Rules on tree trimming by owner

David G. Muller is a board certified condominium and planned development attorney for Becker & Poliakoff, PA, representing community organizations across Florida with offices in Naples, Fort Myers, and 10 other Florida cities. The firm focuses a significant portion of its practice on condominium and homeowner association law. Lawyer Müller answers your questions about the community association. Send questions to lawyer Müller by email to [email protected]

Q: I am a new owner of a home in a deed restricted community. Many of the lots, including mine, have large oak trees that sit between the back of the residence and the parish property line. The oaks are never pruned by the club. One oak in particular is on a shared property, but the huge branches stick out and hang over the roof of my house. I asked the president of my club to cut these branches. He refused to do anything and he told me that I cannot touch the trees or branches and that I have to “leave them alone”. I am very concerned about possible damage to my home from these trees and branches as hurricane season approaches. Can I cut the branches hanging from my property? JB

A: Yes. There are two theories that have been brought before courts in Florida to hold neighboring owners liable for damage caused by tree roots or branches extending beyond the property line, harassment and negligence.

In a 1984 ruling, a Florida appeals court found that while other jurisdictions have substantial powers to the contrary, “the landowner’s unquestionable right to cut off any intruding roots or twigs along the property line,” it precludes action for negligence.

As for harassment, the majority rule in this country that is followed in Florida is that the landowner is not liable to anyone outside the country for nuisance resulting from trees and natural vegetation growing on the land because of the Neighboring owners have the right to cut roots and branches back to the property line.

Applying this law to your facts gives you the right to cut the branches that extend on your property. That being said, your club has a duty to maintain common areas and it could be argued that if that duty is not met, you could make a claim. However, this argument has not been tested in court and contradicts a fairly well-established precedent outside the club environment.

Q: During the 2020 legislative session, were there any bills that affect community associations? DF

A: The only notable bill affecting community organizations that was passed during the 2020 Legislative Session that ended in mid-March is SB 1084. SB 1084 is an attempt to govern animal abuse through emotional support. The effective date of this bill is July 1, 2020. SB 1084 amends various Florida statutes to:

• A person who forged information or written records, or knowingly provides fraudulent information or written records in order to obtain an Emotional Support Animal (ESA), or otherwise knowingly and intentionally misrepresents himself or herself because he or she has a disability or a disability-related need after having an ESA, commits a second degree offense. In addition, a person convicted under this new law must do thirty (30) hours of community service.

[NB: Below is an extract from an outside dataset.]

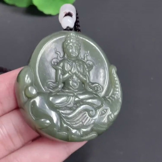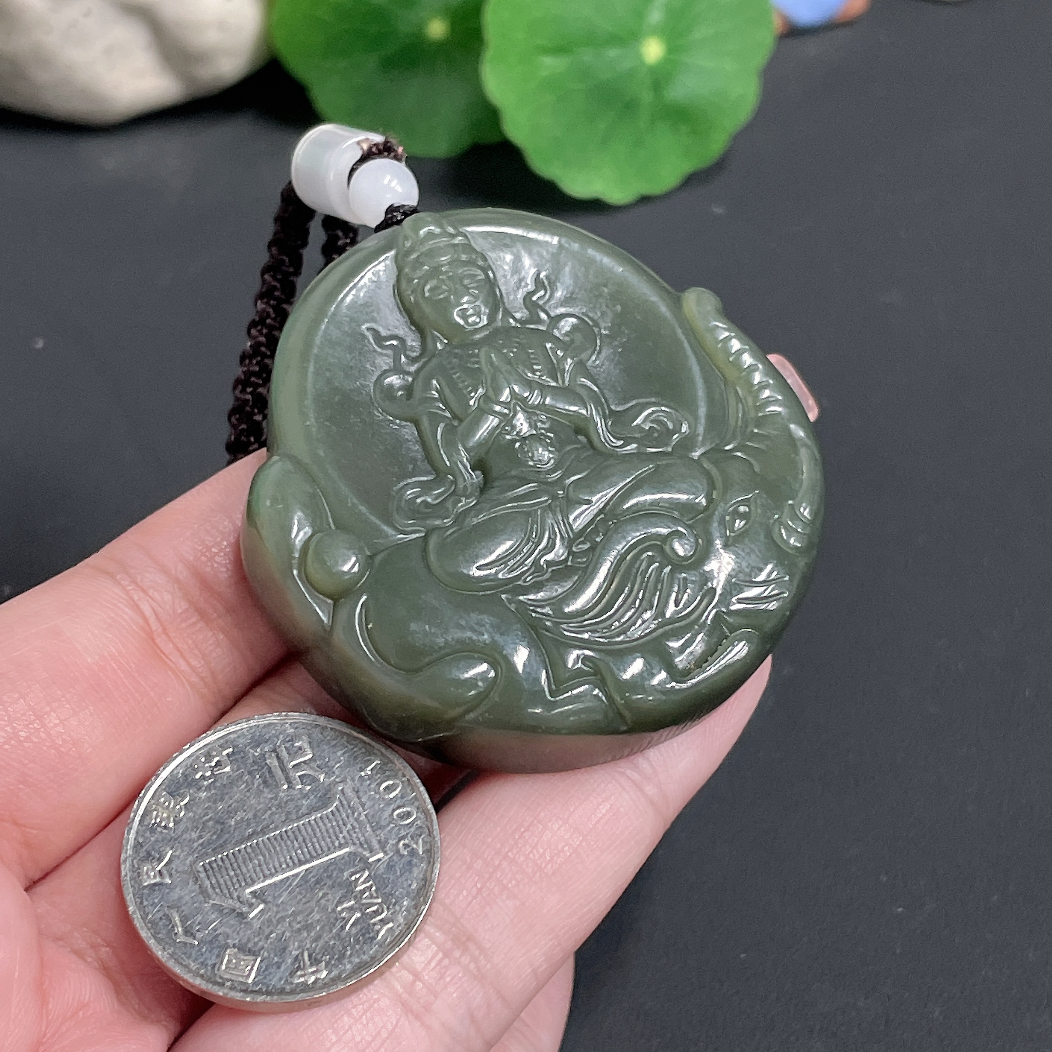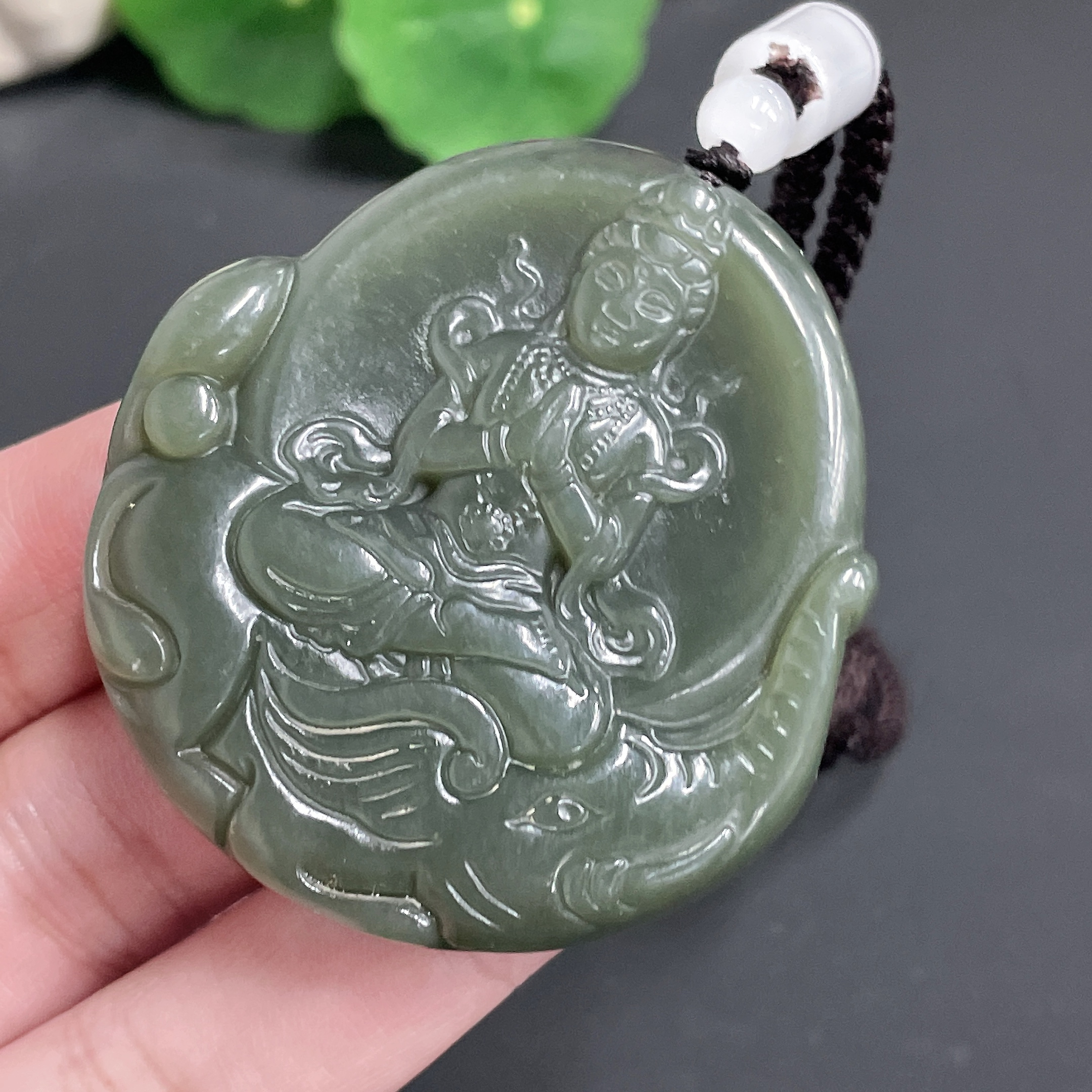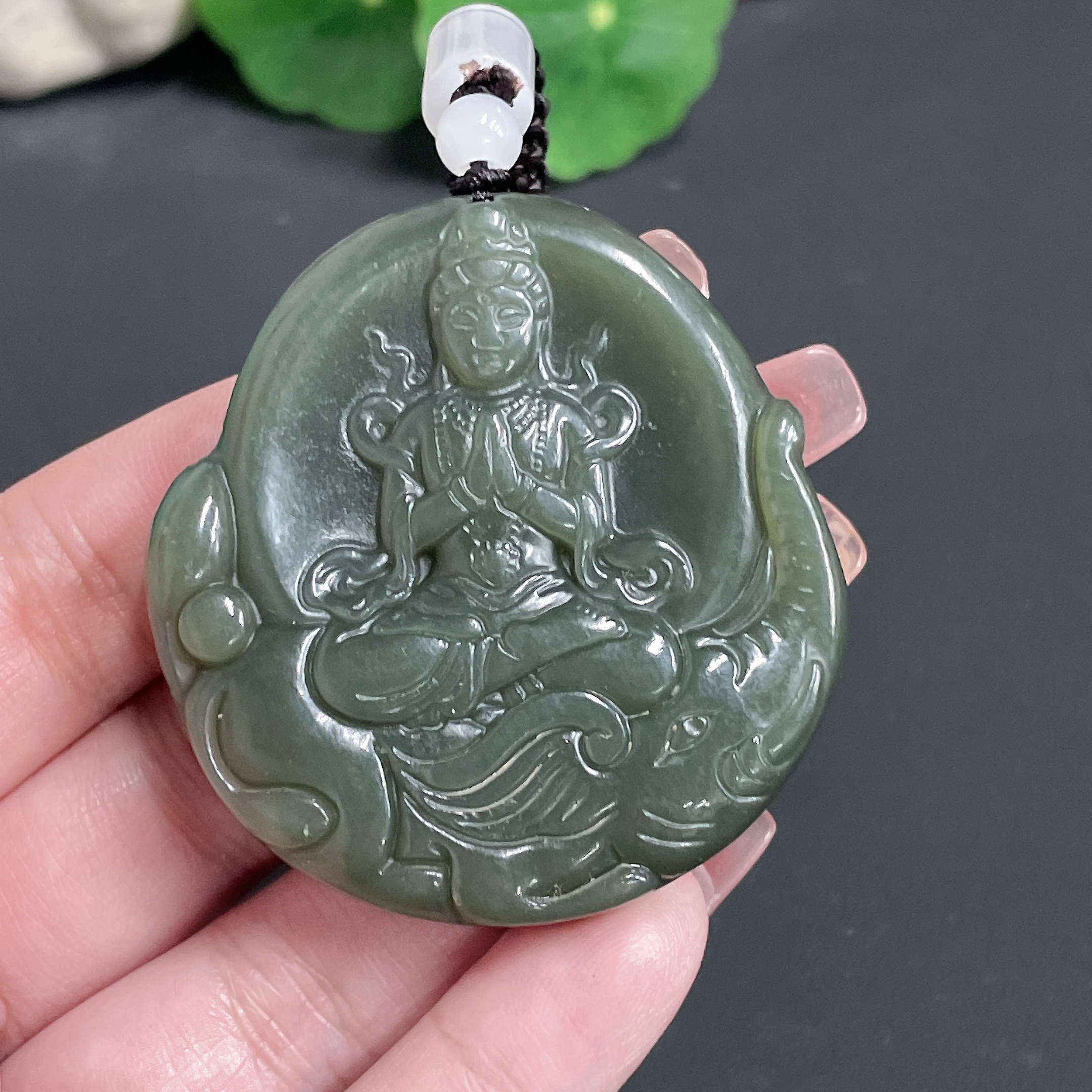 Hetian Jade Pendant Guanyin with Cord 59.5g

• A health professional who provides information, including written records, demonstrating that an individual has a disability or what documents demonstrate an individual’s need for an ESA without personal knowledge of the individual’s disability will be disciplined .

• Defines an ESA as “an animal that does not require training to work, perform tasks, provide assistance, or provide therapeutic emotional support because it alleviates one or more identified symptoms or effects of a person’s disability. “

• Enables associations to refuse an appropriate housing request for an ESA if the requested animal poses a “direct threat to the safety or health of others” or poses a direct threat to physical damage to the property of others that cannot be mitigated or threatened by other reasonable precautions be eliminated. “

• Enables associations to request support information for ESA when a person’s disability is not readily apparent.

• Clarifies that information that can support an ESA request can include: a federal, state or local government agency identified a disability; Receiving benefits or services for the disabled from a federal, state, or local authority; Proof of entitlement to housing allowance or a housing voucher received due to a disability; Information from an alternative practitioner, a telehealth service provider or a similarly licensed or certified practitioner or provider who has a good reputation with the supervisory authority of his profession in another state, BUT only if this non-state practitioner has provided personal care or services for the Person on at least one occasion.

• The practitioner or provider of supporting information must have personal knowledge of the individual’s disability and act within the scope of his or her practice.

• If a person requests more than one ESA, they must provide supporting information for each animal.

• The association may require proof that each ESA is properly licensed and vaccinated.

• The association may not require individuals requesting an ESA to use a specific form and may not refuse an application just because an individual has failed to follow the association’s routine method of providing supporting information.

• An ESA registration of any kind, including an identity card, patch, vest, certificate, etc., alone is not sufficient to reliably demonstrate that an individual has a disability or a disability-related need ESA.

• Persons with ESAs are liable for damage caused by the ESA to the premises or to another person.